• _TASK DETAILS_
What is needed is an exact copy of the records, with the images left out.

• _TASK INPUTS_
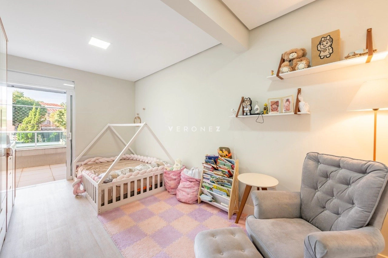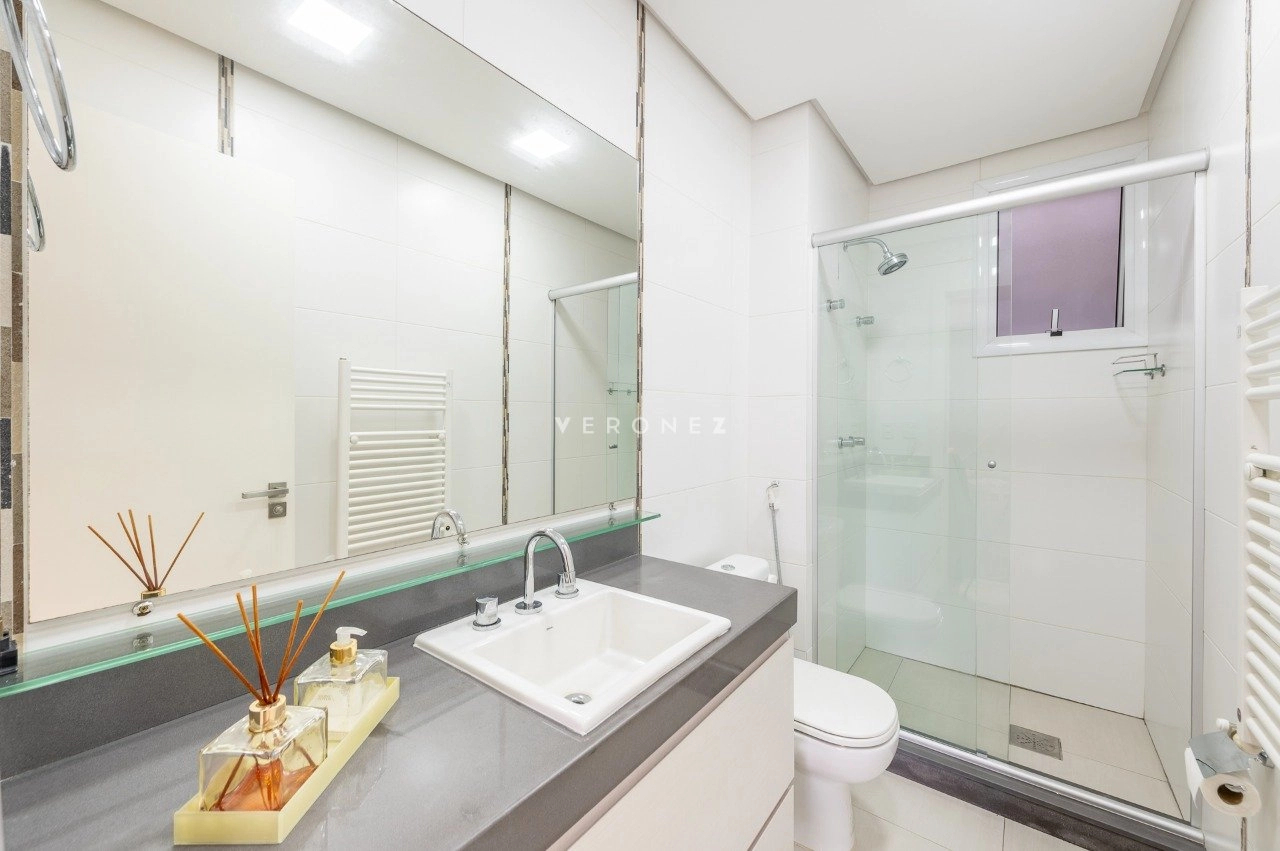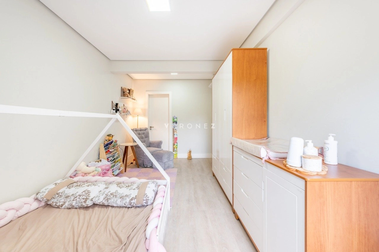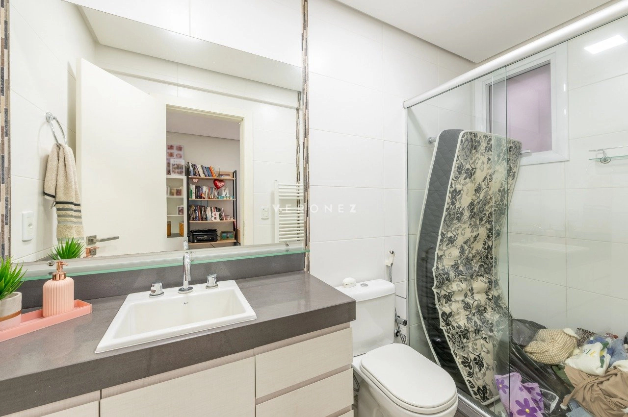 Na área íntima, são 3 dormitórios, sendo 2 suítes. A circulação ainda conta com um espaço versátil utilizado como home office.
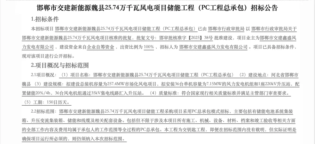 根据招标公告,邯郸市交建新能源魏县25.74万千瓦风电项目,拟建设总装机容量为257.4MW市场化风电项目,拟安装36台单机容量为7.15MW的风力发电机组和1座220kV升压站,配置储能20%/4h,即51.48MW/205.92MWh,36台风电机组通过35kV集电线路汇入升压站。
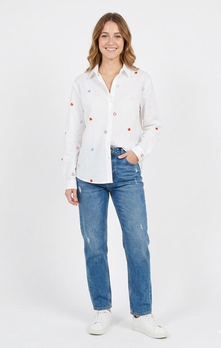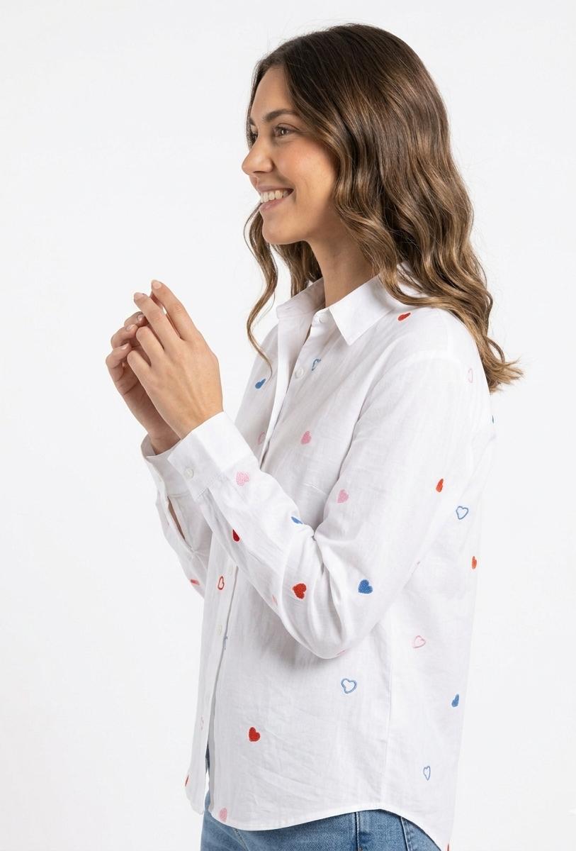 Camisa de manga larga y cuello camisero. Corte recto y holgado. Detalle de corazones bordados de colores. Cierre de botones en frontal y puños.
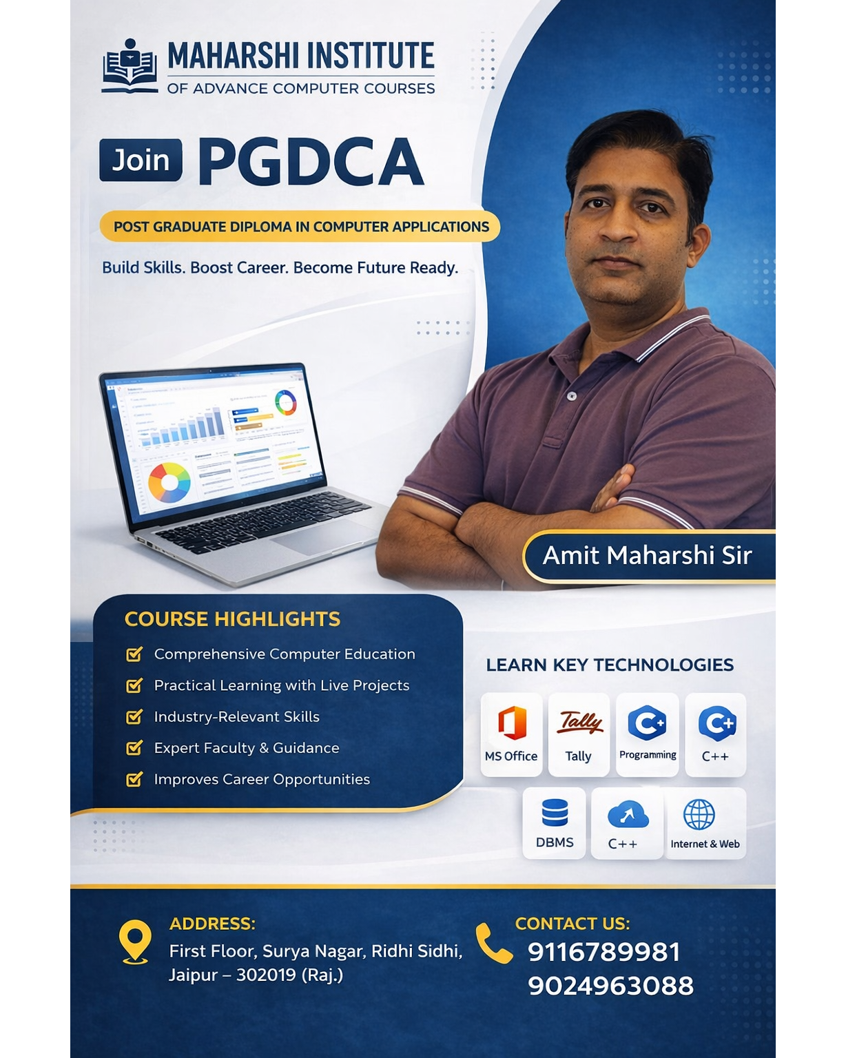 Level up your career with PGDCA! π Learn MS Office, Tally, C++, DBMS & more with Amit Maharshi Sir. Practical skills + expert guidance = Future Ready! π»β¨ #PGDCA #CareerBoost #MaharshiInstitute' 'Donβt just learn computers, master them! Join PGDCA at Maharshi Institute and get hands-on experience with live projects. π #FutureReady #ComputerSkills #Jaipur' 'Build skills. Boost career. Become future-ready! PGDCA at Maharshi Institute with expert faculty is your gateway to success. ππΌ #PGDCA #SkillUp #CareerGrowth' 'From MS Office to C++ β learn everything you need to succeed in IT! Join PGDCA today with Amit Maharshi Sir. π»π #MaharshiInstitute #PGDCA #TechSkills' 'Your career deserves the best! Join PGDCA at Maharshi Institute, Jaipur. Hands-on learning, industry-relevant skills & expert guidance await! ππ‘ #FutureReady #JaipurEducation #PGDCA'
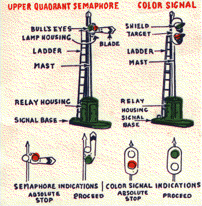 The picture below shows two kinds of signals, the semaphore and the light.
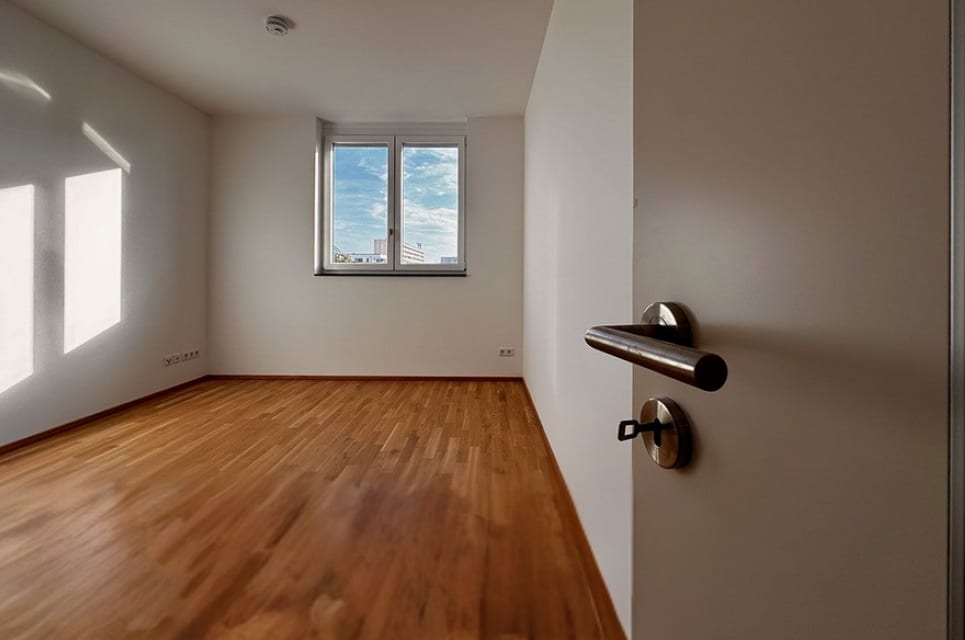Die lichtdurchflutete Wohnung verfügt über eine großzügige Loggia, edles Echtholzparkett, eine offene Wohnküche sowie ein stilvolles Masterbad mit Wanne und Dusche. Eine Fußbodenheizung sorgt für angenehmes Raumklima, während bodentiefe Fenster mit Rollläden eine elegante Atmosphäre schaffen.
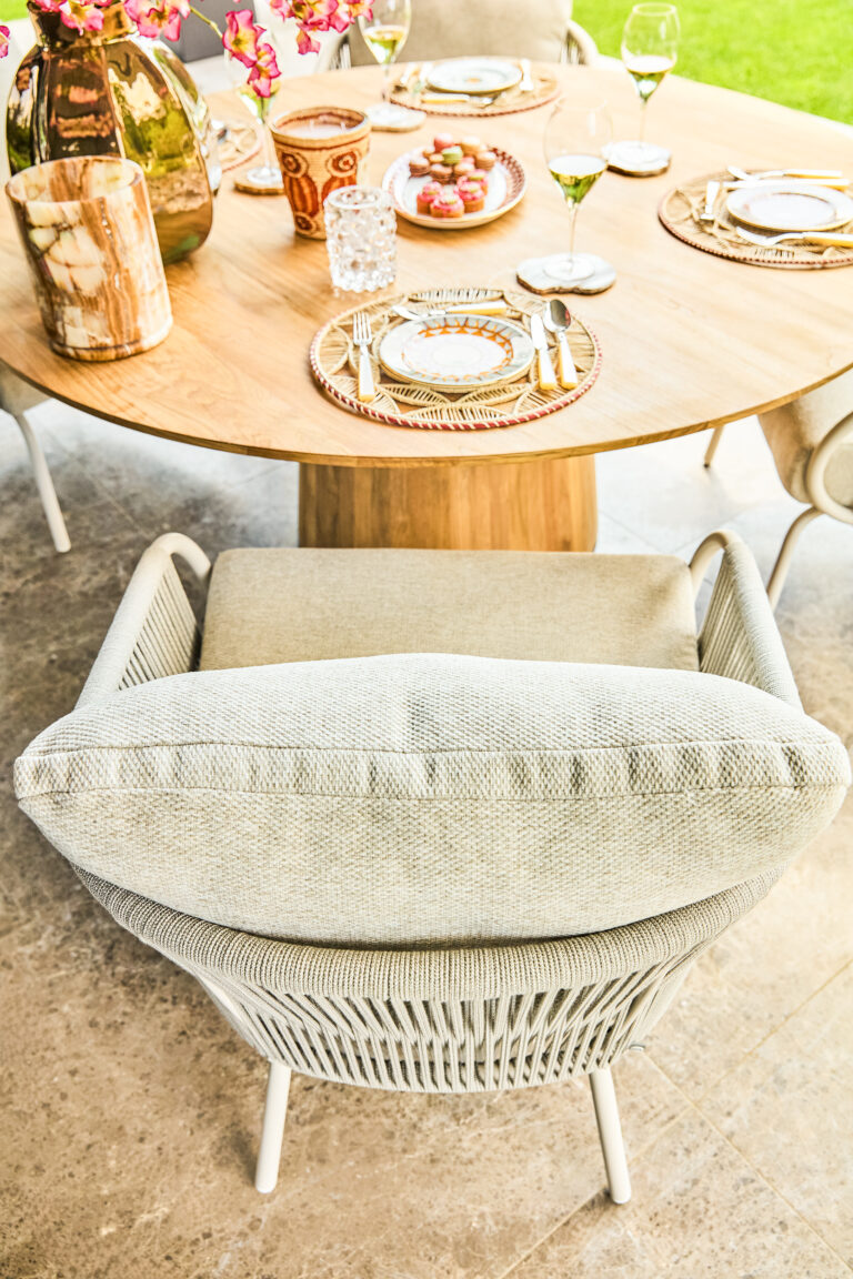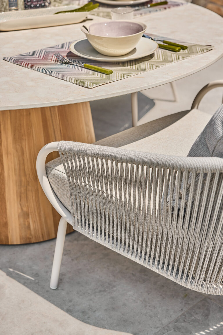 Met de rondgevormde Sorolo creëer je gemakkelijk een gezellige sfeer. Met het teak of Neolith® tafelblad een eigentijdse uitstraling.
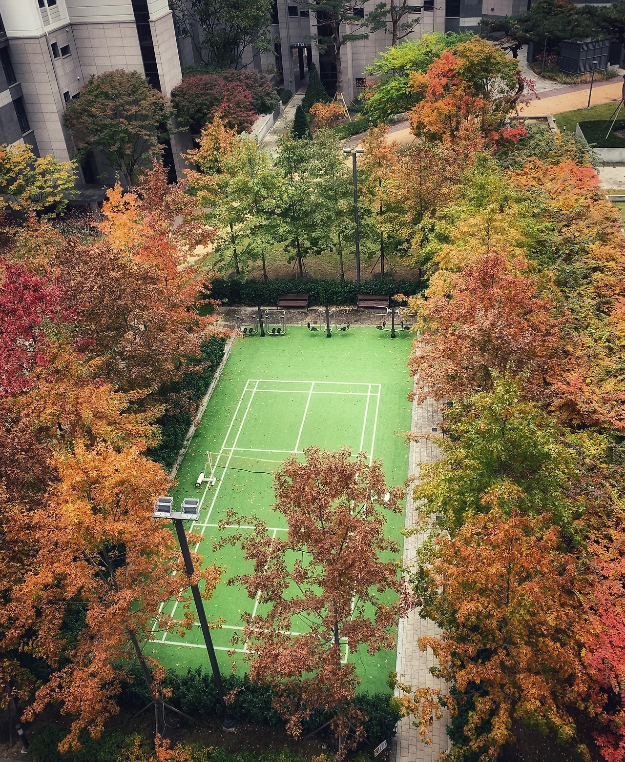 물론 내 거처는 아직도 도심 속의 아파트여서 25층, 30층의 건물이 나무들을 둘러싸고 있지만 위에서 쳐다보면 아기자기한 단풍들이 보이고, 아래로 내려오면 하늘로 건물과 어우러진 자연을 본다.
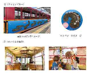 京都水族館の人気者である「オオサンショウウオ」のイラストでトロッコ列車をラッピングしたり、車内やトロッコ嵯峨駅構内に、「オオサンショウウオぬいぐるみ」の装飾を施すことで、いつもとは一味違ったトロッコ列車の旅を楽しんでいただければと思います。
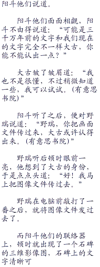 过了一会儿,野瑞传来消息说道:“那你们要用扫描仪将现场扫描之后的成像发给我,我才能分析出来。”
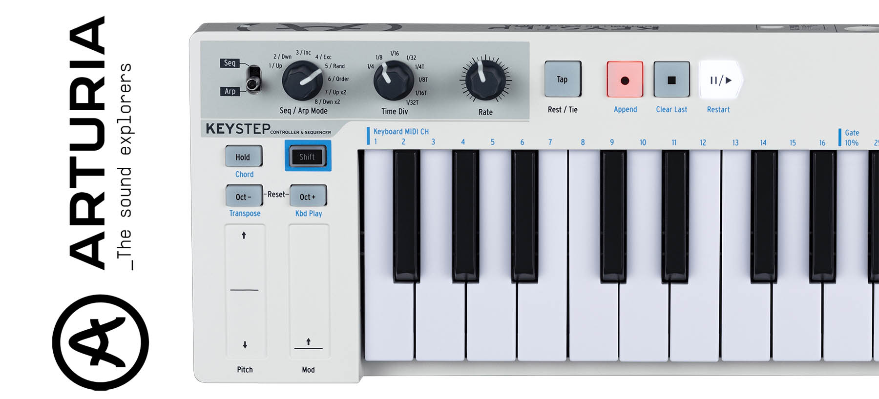 Одні тільки ці характеристики роблять KeyStep найкращим портативним клавіатурним контролером на ринку. Але Arturia йде далі, пропонуючи вам безліч варіантів підключення: USB MIDI (звичайно ж), стандартні MIDI-вхід і вихід (є), роз'єми синхронізації тактової частоти і DIN-синхронізації (так!), а також виходи CV/GATE, а також окремий вихід CV для модуляції, що призначається, який можна використовувати з колесом модуляції, швидкістю натискання або після-дотиком. Сказати, що KeyStep це приголомшливий маленький контролер, значить нічого не сказати!

• _TASK RESPONSE_
 Na área íntima, são 3 dormitórios, sendo 2 suítes. A circulação ainda conta com um espaço versátil utilizado como home office.
 根据招标公告,邯郸市交建新能源魏县25.74万千瓦风电项目,拟建设总装机容量为257.4MW市场化风电项目,拟安装36台单机容量为7.15MW的风力发电机组和1座220kV升压站,配置储能20%/4h,即51.48MW/205.92MWh,36台风电机组通过35kV集电线路汇入升压站。
 Camisa de manga larga y cuello camisero. Corte recto y holgado. Detalle de corazones bordados de colores. Cierre de botones en frontal y puños.
 Level up your career with PGDCA! π Learn MS Office, Tally, C++, DBMS & more with Amit Maharshi Sir. Practical skills + expert guidance = Future Ready! π»β¨ #PGDCA #CareerBoost #MaharshiInstitute' 'Donβt just learn computers, master them! Join PGDCA at Maharshi Institute and get hands-on experience with live projects. π #FutureReady #ComputerSkills #Jaipur' 'Build skills. Boost career. Become future-ready! PGDCA at Maharshi Institute with expert faculty is your gateway to success. ππΌ #PGDCA #SkillUp #CareerGrowth' 'From MS Office to C++ β learn everything you need to succeed in IT! Join PGDCA today with Amit Maharshi Sir. π»π #MaharshiInstitute #PGDCA #TechSkills' 'Your career deserves the best! Join PGDCA at Maharshi Institute, Jaipur. Hands-on learning, industry-relevant skills & expert guidance await! ππ‘ #FutureReady #JaipurEducation #PGDCA'
 The picture below shows two kinds of signals, the semaphore and the light.
Die lichtdurchflutete Wohnung verfügt über eine großzügige Loggia, edles Echtholzparkett, eine offene Wohnküche sowie ein stilvolles Masterbad mit Wanne und Dusche. Eine Fußbodenheizung sorgt für angenehmes Raumklima, während bodentiefe Fenster mit Rollläden eine elegante Atmosphäre schaffen.
 Met de rondgevormde Sorolo creëer je gemakkelijk een gezellige sfeer. Met het teak of Neolith® tafelblad een eigentijdse uitstraling.
 물론 내 거처는 아직도 도심 속의 아파트여서 25층, 30층의 건물이 나무들을 둘러싸고 있지만 위에서 쳐다보면 아기자기한 단풍들이 보이고, 아래로 내려오면 하늘로 건물과 어우러진 자연을 본다.
 京都水族館の人気者である「オオサンショウウオ」のイラストでトロッコ列車をラッピングしたり、車内やトロッコ嵯峨駅構内に、「オオサンショウウオぬいぐるみ」の装飾を施すことで、いつもとは一味違ったトロッコ列車の旅を楽しんでいただければと思います。
 过了一会儿,野瑞传来消息说道:“那你们要用扫描仪将现场扫描之后的成像发给我,我才能分析出来。”
 Одні тільки ці характеристики роблять KeyStep найкращим портативним клавіатурним контролером на ринку. Але Arturia йде далі, пропонуючи вам безліч варіантів підключення: USB MIDI (звичайно ж), стандартні MIDI-вхід і вихід (є), роз'єми синхронізації тактової частоти і DIN-синхронізації (так!), а також виходи CV/GATE, а також окремий вихід CV для модуляції, що призначається, який можна використовувати з колесом модуляції, швидкістю натискання або після-дотиком. Сказати, що KeyStep це приголомшливий маленький контролер, значить нічого не сказати!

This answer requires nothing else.